> The records:

____________________

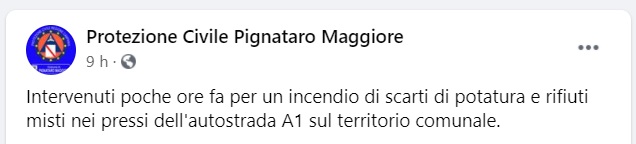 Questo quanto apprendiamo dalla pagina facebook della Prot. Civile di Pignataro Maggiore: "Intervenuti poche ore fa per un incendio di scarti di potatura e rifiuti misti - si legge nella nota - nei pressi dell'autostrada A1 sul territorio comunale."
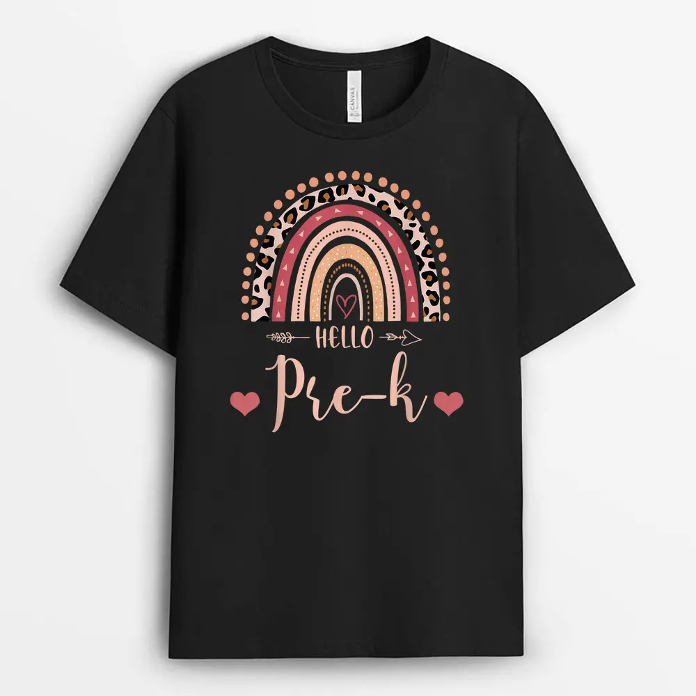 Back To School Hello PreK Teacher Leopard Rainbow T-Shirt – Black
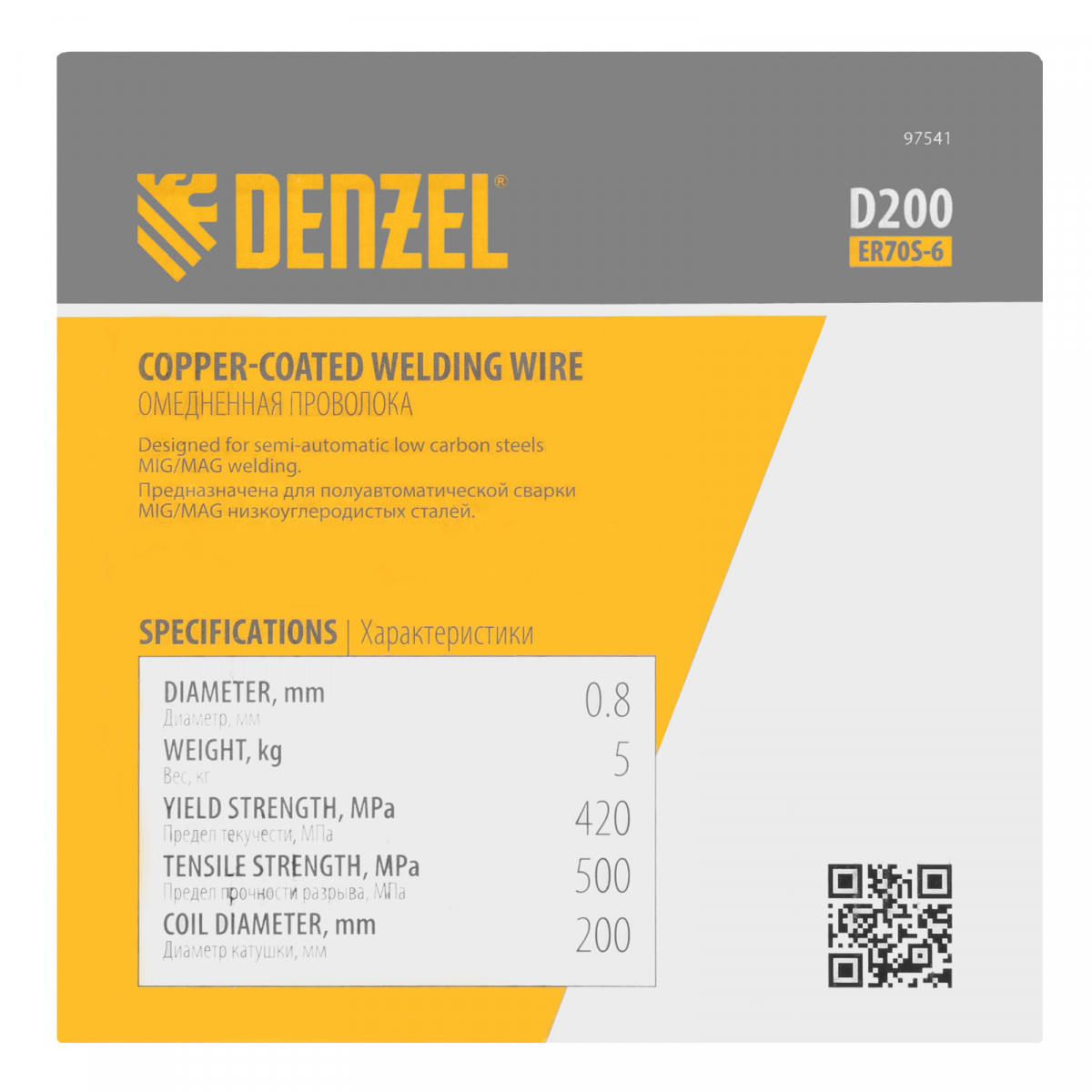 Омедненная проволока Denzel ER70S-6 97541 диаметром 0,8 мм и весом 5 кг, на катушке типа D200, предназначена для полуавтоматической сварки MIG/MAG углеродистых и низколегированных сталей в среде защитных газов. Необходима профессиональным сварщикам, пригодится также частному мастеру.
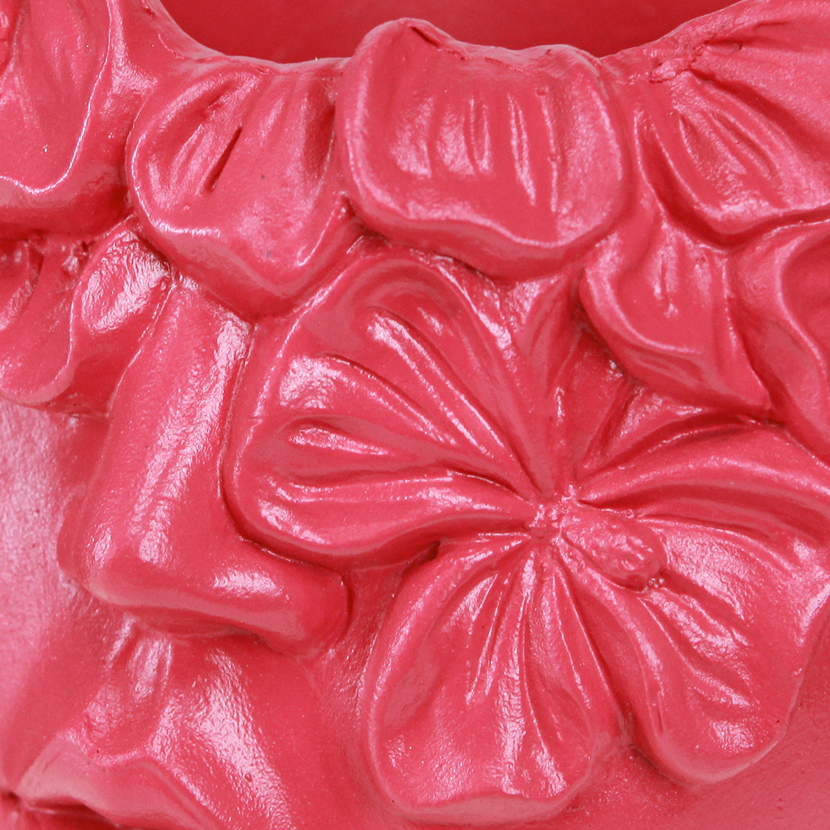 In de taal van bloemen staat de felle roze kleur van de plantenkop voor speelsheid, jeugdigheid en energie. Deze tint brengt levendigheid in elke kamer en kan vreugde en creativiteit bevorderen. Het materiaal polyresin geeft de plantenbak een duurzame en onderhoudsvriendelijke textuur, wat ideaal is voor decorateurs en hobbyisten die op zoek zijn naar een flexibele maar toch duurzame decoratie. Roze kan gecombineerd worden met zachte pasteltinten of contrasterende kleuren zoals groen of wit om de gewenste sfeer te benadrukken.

____________________

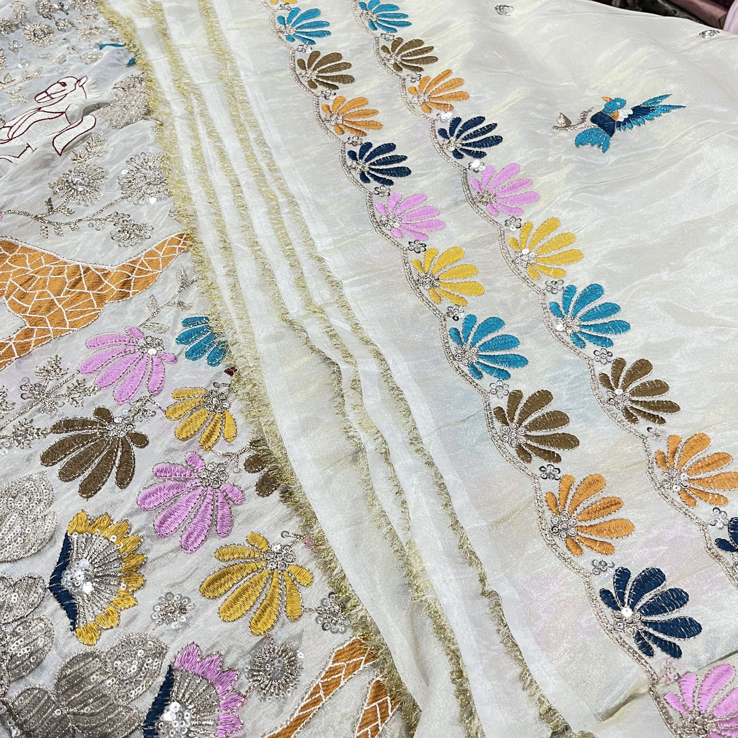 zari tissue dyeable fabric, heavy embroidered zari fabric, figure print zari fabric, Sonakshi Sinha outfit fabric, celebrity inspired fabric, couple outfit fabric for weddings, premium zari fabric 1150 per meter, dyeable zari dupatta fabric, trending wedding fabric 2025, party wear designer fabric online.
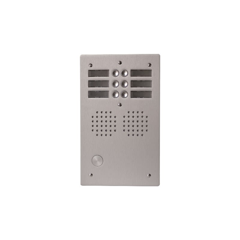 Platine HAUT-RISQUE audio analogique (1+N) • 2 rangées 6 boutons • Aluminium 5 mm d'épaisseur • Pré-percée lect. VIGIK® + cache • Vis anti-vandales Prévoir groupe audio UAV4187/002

____________________

> Your goal: Copy only this from above: the line containing "Questo quanto apprendiamo", the line containing "Омедненная проволока Denzel", and all lines between, printed exactly. Leave out the pictures.

> Task answer:
 Questo quanto apprendiamo dalla pagina facebook della Prot. Civile di Pignataro Maggiore: "Intervenuti poche ore fa per un incendio di scarti di potatura e rifiuti misti - si legge nella nota - nei pressi dell'autostrada A1 sul territorio comunale."
 Back To School Hello PreK Teacher Leopard Rainbow T-Shirt – Black
 Омедненная проволока Denzel ER70S-6 97541 диаметром 0,8 мм и весом 5 кг, на катушке типа D200, предназначена для полуавтоматической сварки MIG/MAG углеродистых и низколегированных сталей в среде защитных газов. Необходима профессиональным сварщикам, пригодится также частному мастеру.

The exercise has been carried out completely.